INPUT FOR THIS TASK Block Start

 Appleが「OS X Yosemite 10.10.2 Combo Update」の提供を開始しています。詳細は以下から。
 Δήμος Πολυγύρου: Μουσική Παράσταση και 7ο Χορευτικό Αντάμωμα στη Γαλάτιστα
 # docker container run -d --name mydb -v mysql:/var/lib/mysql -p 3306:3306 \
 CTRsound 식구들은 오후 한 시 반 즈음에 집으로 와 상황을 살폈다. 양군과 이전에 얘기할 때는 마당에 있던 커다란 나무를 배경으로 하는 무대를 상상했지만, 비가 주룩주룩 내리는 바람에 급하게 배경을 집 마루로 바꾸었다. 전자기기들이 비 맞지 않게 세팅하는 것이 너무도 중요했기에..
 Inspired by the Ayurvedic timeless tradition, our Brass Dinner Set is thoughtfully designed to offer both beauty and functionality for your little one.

INPUT FOR THIS TASK Block End
INPUT FOR THIS TASK Block Start

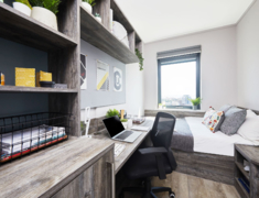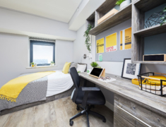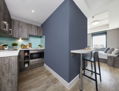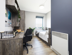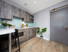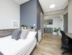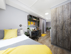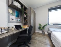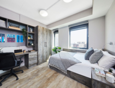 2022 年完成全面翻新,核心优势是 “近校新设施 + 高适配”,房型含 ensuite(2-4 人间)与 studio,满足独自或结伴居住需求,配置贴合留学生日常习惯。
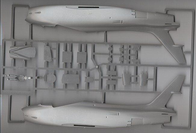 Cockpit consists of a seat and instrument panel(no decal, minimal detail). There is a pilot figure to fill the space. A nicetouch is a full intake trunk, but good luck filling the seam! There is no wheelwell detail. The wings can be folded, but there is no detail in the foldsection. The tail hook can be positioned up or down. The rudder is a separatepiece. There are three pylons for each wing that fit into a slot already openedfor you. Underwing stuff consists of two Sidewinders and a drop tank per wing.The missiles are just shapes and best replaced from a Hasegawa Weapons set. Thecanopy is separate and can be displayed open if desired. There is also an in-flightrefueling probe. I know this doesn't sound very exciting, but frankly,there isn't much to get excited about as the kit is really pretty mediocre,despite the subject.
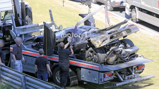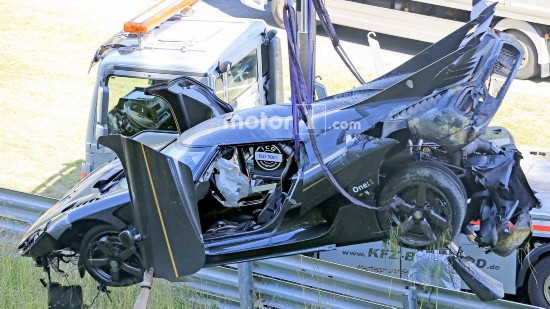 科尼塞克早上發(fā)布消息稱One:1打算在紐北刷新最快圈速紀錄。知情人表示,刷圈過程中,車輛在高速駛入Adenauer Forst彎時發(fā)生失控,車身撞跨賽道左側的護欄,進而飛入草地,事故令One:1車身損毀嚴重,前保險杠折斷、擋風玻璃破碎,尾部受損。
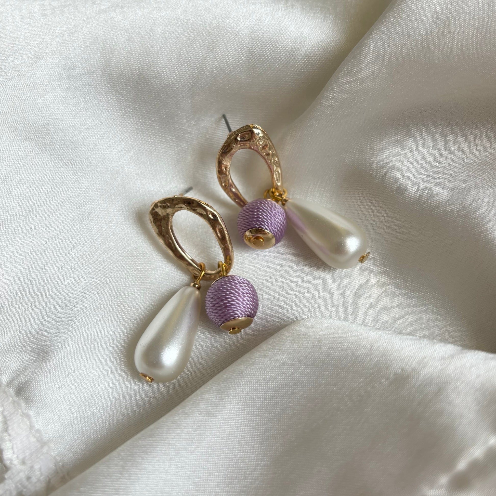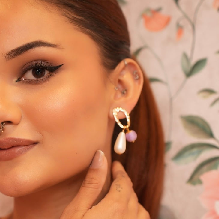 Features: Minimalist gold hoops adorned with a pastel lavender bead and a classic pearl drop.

INPUT FOR THIS TASK Block End
INPUT FOR THIS TASK Block Start

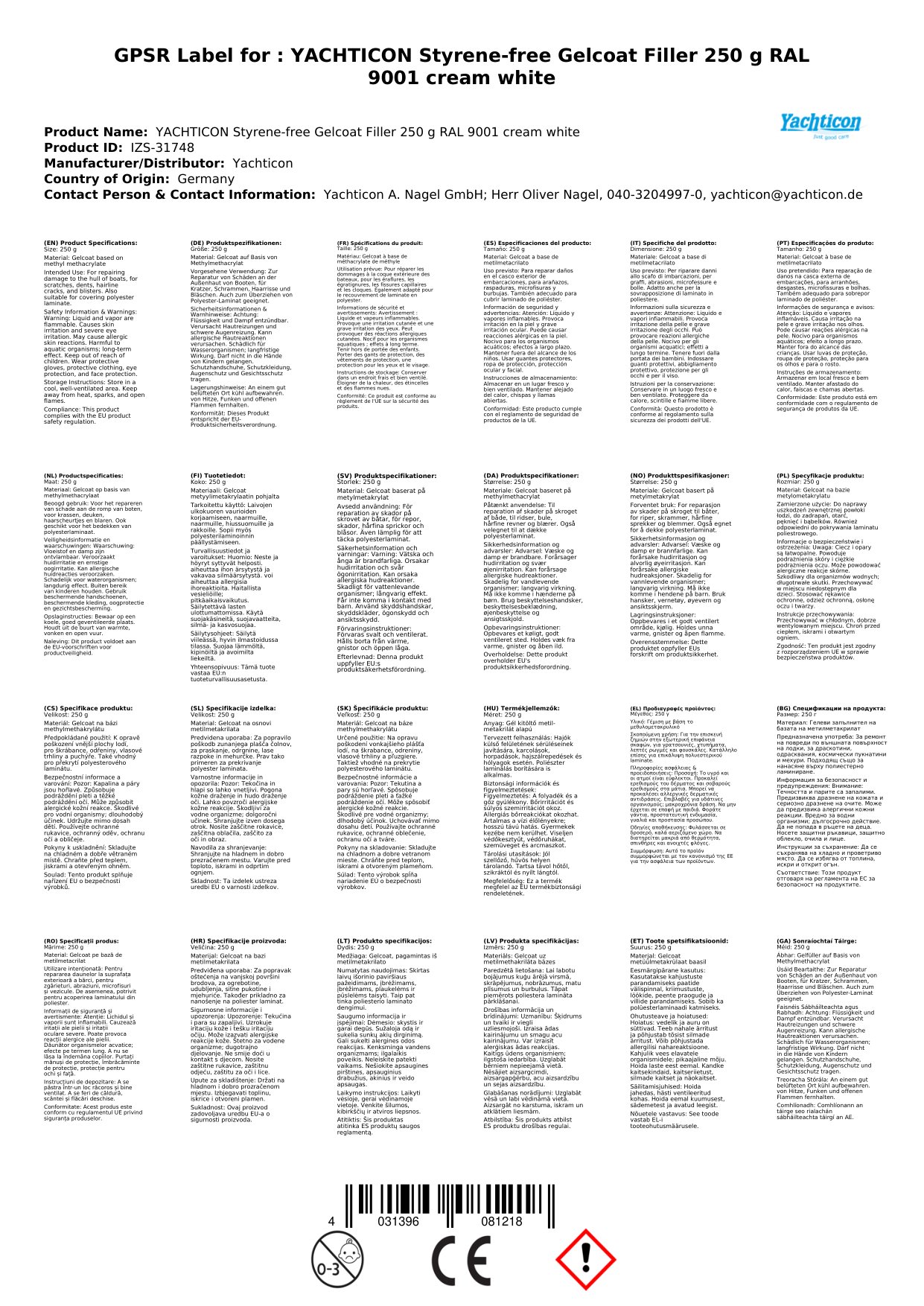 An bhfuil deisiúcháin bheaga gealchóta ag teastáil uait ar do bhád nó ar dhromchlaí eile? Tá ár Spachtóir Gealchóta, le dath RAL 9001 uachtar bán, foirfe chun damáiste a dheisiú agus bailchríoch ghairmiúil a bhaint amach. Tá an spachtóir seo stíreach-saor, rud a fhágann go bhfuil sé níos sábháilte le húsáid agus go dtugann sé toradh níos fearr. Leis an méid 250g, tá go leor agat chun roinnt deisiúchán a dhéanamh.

INPUT FOR THIS TASK Block End

Would you restate, exactly and with no pictures, the lines of the entries above from the one containing "Cockpit consists of" through the one containing "科尼塞克早上發(fā)布消息"?

| EXERCISE ANSWER |
 Cockpit consists of a seat and instrument panel(no decal, minimal detail). There is a pilot figure to fill the space. A nicetouch is a full intake trunk, but good luck filling the seam! There is no wheelwell detail. The wings can be folded, but there is no detail in the foldsection. The tail hook can be positioned up or down. The rudder is a separatepiece. There are three pylons for each wing that fit into a slot already openedfor you. Underwing stuff consists of two Sidewinders and a drop tank per wing.The missiles are just shapes and best replaced from a Hasegawa Weapons set. Thecanopy is separate and can be displayed open if desired. There is also an in-flightrefueling probe. I know this doesn't sound very exciting, but frankly,there isn't much to get excited about as the kit is really pretty mediocre,despite the subject.
 科尼塞克早上發(fā)布消息稱One:1打算在紐北刷新最快圈速紀錄。知情人表示,刷圈過程中,車輛在高速駛入Adenauer Forst彎時發(fā)生失控,車身撞跨賽道左側的護欄,進而飛入草地,事故令One:1車身損毀嚴重,前保險杠折斷、擋風玻璃破碎,尾部受損。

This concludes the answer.